- [To do] Exact reproduction is required for the lines below starting at the line with "productos OnPremise. |" and ending at the line with "421983. LEKSAKER, 5 st, plåt/trä, 1900-tal.", both included. No other lines, and no pictures.

- [Material for this task]
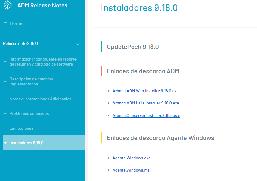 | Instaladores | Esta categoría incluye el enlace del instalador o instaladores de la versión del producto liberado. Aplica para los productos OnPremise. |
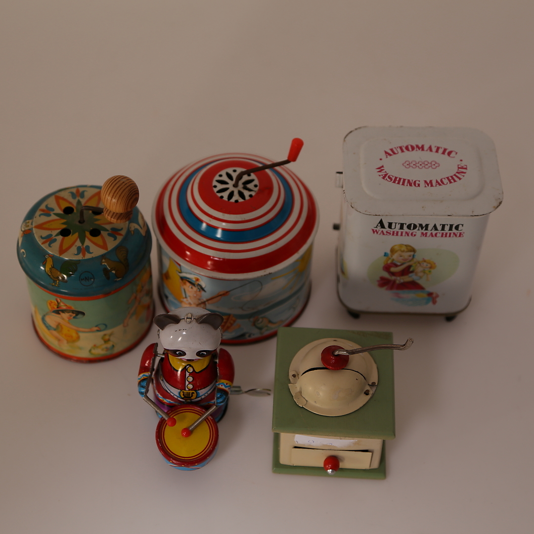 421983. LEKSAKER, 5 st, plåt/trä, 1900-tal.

==

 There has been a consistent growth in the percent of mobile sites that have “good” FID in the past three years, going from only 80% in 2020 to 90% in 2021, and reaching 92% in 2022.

- [Reply to the task]
 | Instaladores | Esta categoría incluye el enlace del instalador o instaladores de la versión del producto liberado. Aplica para los productos OnPremise. |
 421983. LEKSAKER, 5 st, plåt/trä, 1900-tal.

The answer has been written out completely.